WHAT YOU NEED TO DO
What you return should be only the lines starting at the one that contains "2008 Nissan Cima" and running to the end of the listing, exactly as written, minus any pictures.

GIVEN MATERIAL
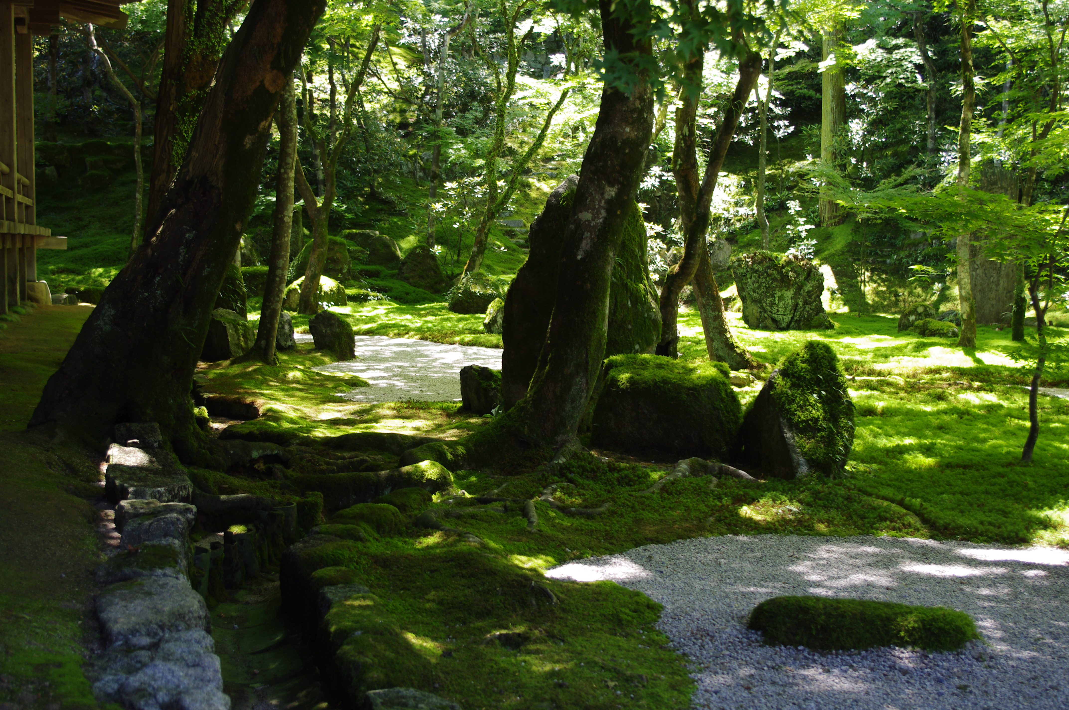 Stone garden of Komyozenji Temple in Dazaifu
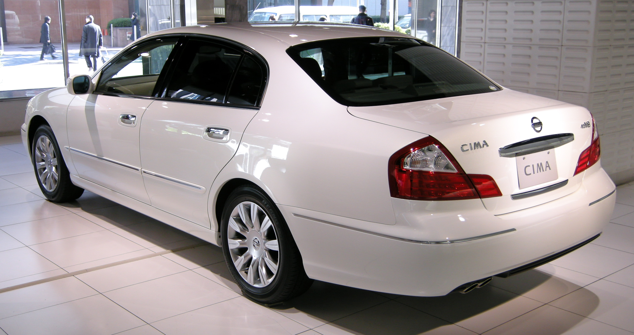 2008 Nissan Cima photographed in Nissan Gallery (Ginza, Tokyo)
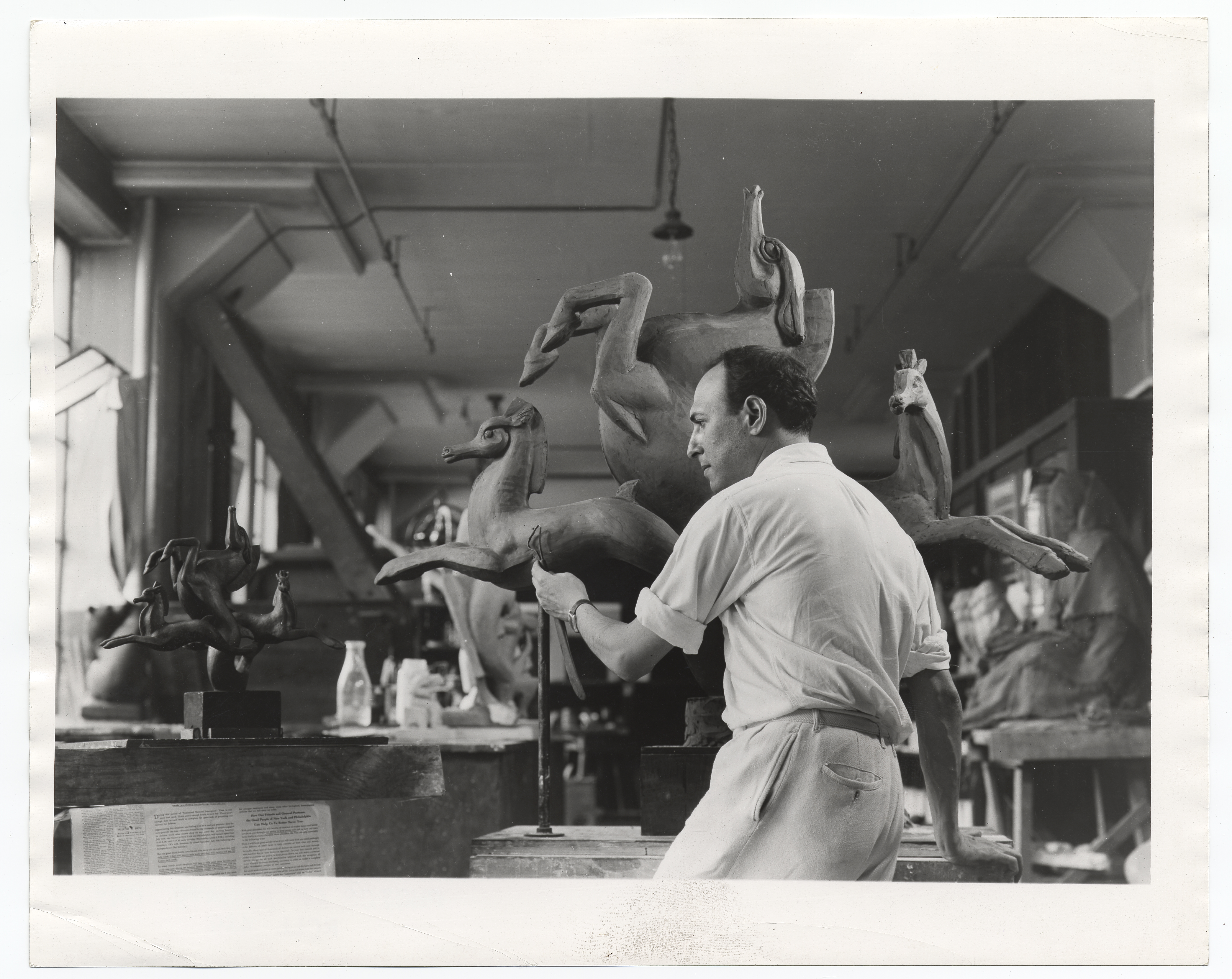 Hirsch working on sculptures. Identification on verso (handwritten and stamped): New York City W.P.A. Art Project; Photography Division; 110 King Street Artist: Willard Hirsch.

REPLY
 2008 Nissan Cima photographed in Nissan Gallery (Ginza, Tokyo)
 Hirsch working on sculptures. Identification on verso (handwritten and stamped): New York City W.P.A. Art Project; Photography Division; 110 King Street Artist: Willard Hirsch.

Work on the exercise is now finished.